На столе стоял миниатюрный магнитофон, уже остановленный на нужном месте. Включил. В комнате возник приятный голос мертвеца.
— Допрос остановлен в 14.32.
И без паузы (для магнитофона).
— Допрос возобновлен в 14.50.
Остановив магнитофон, я спросил.
— О чем вы говорили целых 18 минут?
Пальгуев осклабился, ошибочно считая улыбку обаятельной и сказал:
— В уборную я ходил, гражданин следователь!
Тут не выдержал Шебутаев (как он до сего момента сдерживался только):
— Колись, гнида! Чего аппарат выключали? О чем базар был?
И продемонстрировал намерение расквасить задержанному нос. Я его остановил:
— Держите себя в руках, капитан!
Затем повернулся к задержанному:
— Слушай меня внимательно, Дрозд! Убит следователь Комитета. Ты еще можешь соскочить как свидетель. Но если начнешь врать и волынку тянуть, пойдешь по 105-й части второй и уже к вечеру будешь висеть на виселице!
— Не имеете права! — истерически взвизгнул Пальгуев.
Я достал удостоверение и предъявил в раскрытом виде.
— Видишь дополнительные значки допусков? Видишь знак виселицы?
— Где? Где? — Пальгуев чуть глаза не сломал.
— ! — отрезал я. — Так что имею право без суда отправить тебя в петлю! Тут кстати ее не намыливают, говорят, приговоренные сильно мучаются, верёвка заедает, и вот когда она проходит через узел, получается так…
— Я все скажу! — заорал Пальгуев. — Его интересовали бумаги Мракобоя!
Далее я продолжил уже спокойно. А чего глотку драть? Клиент созрел.
— И что конкретно? Не тяни резину!
— Он спрашивал, где их можно купить!
— Они до сих пор продаются? — удивился я.
— Ну не как красная пыль[13] или луноходы. Тут любитель нужен.
— Что ты напел Гапонову?
— Дал адреса нескольких барыг, чтоб отстал, но зуб даю, предупредил, что товар штучный, бумаги находят редко.
— Почему Гапонов заговорил о бумагах именно с тобой?
Пальгуев энергично выругался.
— Наседка в аквариуме настучала! Я еще думал, чего бабайка базар завел про бумаги, вместо того, чтобы по делу дать расклад, ну и раззвонил как бажбан!
— Ну и чего ты такого ему напел?
— Да ниче особенного. Я и бумаги видел всего один раз!

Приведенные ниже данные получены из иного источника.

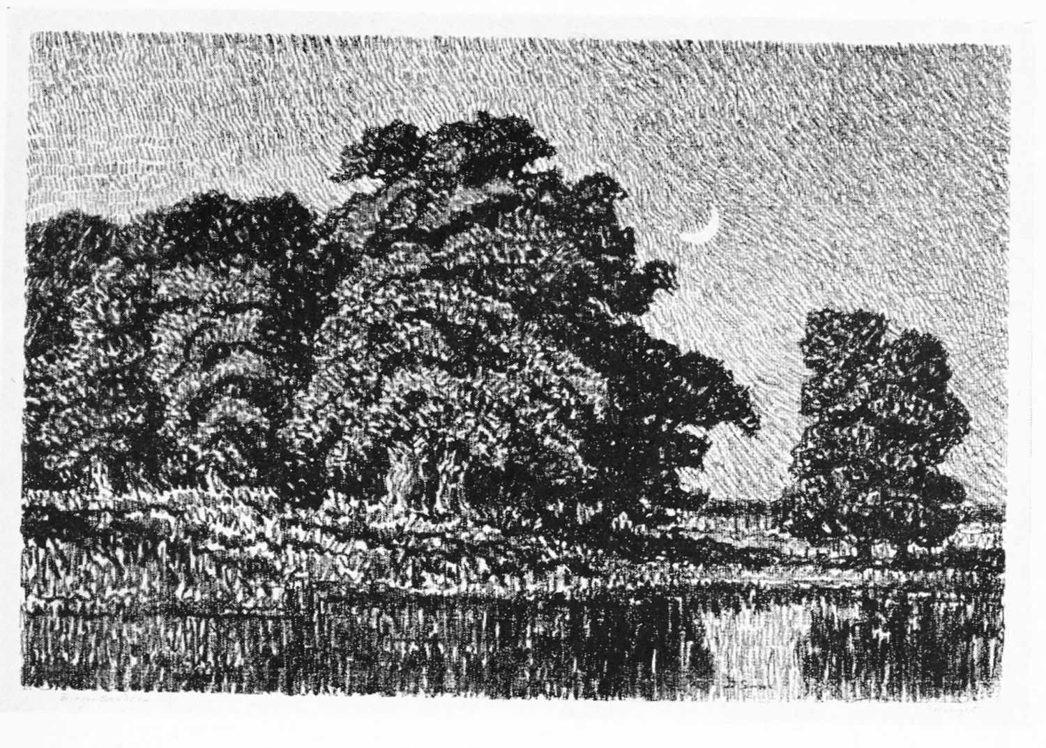 Thus it is that when Mr. Sandzen makes a study of the moon stealing up behind the willows before the flush of afternoon is quite gone, he puts into the picture not only the objects a stranger might see, but also the deep love he bears the river and the land it has enriched.

— Как они выглядят? Эти бумаги!
— Как? — Дрозд изобразил мучительное раздумье. — Как обычная тетрадка! В желтой такой обложке! Я думал, что фуфло, а следак как услышал крышей и поехал! Где, грит, видел? Когда?
— Сам бумаги читал?
— А мне оно надо?
— Зачем ему бумаги, он говорил?
— Я ему не кум по душам разговаривать!
Шебутаев одернул:
— А ну поговори у меня!
— И последний вопрос! — сказал я. — Кто покупает бумаги и как они за периметр вывозятся?
Дрозд усмехнулся.
— Ну начальник! Начни я вопросы задавать и академика изображать, сразу на перо поставят! Одним жмуром больше, одним меньше. Москва большая, помоек много!
— И все-таки!
Дрозд опасливо продолжил. Даже в здании МВД он чего-то боялся.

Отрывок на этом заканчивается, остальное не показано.